What the exercise asks: Copy all lines containing the string "with" from the records below.

Recorded information:
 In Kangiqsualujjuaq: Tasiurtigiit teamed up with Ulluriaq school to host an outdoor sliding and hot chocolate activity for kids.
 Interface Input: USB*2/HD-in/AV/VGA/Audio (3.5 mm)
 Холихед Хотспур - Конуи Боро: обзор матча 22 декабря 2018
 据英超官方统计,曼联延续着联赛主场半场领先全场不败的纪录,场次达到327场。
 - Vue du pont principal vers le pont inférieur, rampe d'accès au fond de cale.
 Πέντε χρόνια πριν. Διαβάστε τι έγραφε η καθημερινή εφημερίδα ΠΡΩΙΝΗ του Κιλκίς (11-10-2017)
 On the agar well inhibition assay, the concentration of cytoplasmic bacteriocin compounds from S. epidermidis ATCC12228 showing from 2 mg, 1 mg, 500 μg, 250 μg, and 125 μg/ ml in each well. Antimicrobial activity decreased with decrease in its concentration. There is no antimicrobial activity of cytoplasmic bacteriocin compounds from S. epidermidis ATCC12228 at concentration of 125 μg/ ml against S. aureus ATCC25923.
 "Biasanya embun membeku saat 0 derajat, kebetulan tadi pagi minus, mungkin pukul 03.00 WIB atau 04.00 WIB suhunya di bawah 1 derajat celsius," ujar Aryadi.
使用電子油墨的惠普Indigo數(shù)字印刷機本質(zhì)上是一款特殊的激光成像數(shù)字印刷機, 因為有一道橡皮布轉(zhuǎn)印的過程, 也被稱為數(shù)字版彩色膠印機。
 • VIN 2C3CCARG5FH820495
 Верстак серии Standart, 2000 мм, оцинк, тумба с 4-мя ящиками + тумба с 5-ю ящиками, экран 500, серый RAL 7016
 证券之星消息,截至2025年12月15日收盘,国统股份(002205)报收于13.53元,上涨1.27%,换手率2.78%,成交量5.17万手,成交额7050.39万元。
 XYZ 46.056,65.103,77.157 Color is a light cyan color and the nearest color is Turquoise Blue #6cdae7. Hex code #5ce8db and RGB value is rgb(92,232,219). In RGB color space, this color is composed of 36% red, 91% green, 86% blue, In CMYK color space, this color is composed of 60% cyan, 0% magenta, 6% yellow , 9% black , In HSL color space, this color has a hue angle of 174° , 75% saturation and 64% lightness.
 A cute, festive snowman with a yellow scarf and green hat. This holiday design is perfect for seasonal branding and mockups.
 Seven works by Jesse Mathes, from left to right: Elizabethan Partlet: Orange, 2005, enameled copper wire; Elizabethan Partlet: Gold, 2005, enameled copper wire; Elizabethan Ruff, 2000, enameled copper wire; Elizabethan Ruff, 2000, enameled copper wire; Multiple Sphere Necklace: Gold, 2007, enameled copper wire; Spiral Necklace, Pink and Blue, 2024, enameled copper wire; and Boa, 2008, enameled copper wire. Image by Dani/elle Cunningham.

Exercise output:
 In Kangiqsualujjuaq: Tasiurtigiit teamed up with Ulluriaq school to host an outdoor sliding and hot chocolate activity for kids.
 On the agar well inhibition assay, the concentration of cytoplasmic bacteriocin compounds from S. epidermidis ATCC12228 showing from 2 mg, 1 mg, 500 μg, 250 μg, and 125 μg/ ml in each well. Antimicrobial activity decreased with decrease in its concentration. There is no antimicrobial activity of cytoplasmic bacteriocin compounds from S. epidermidis ATCC12228 at concentration of 125 μg/ ml against S. aureus ATCC25923.
 A cute, festive snowman with a yellow scarf and green hat. This holiday design is perfect for seasonal branding and mockups.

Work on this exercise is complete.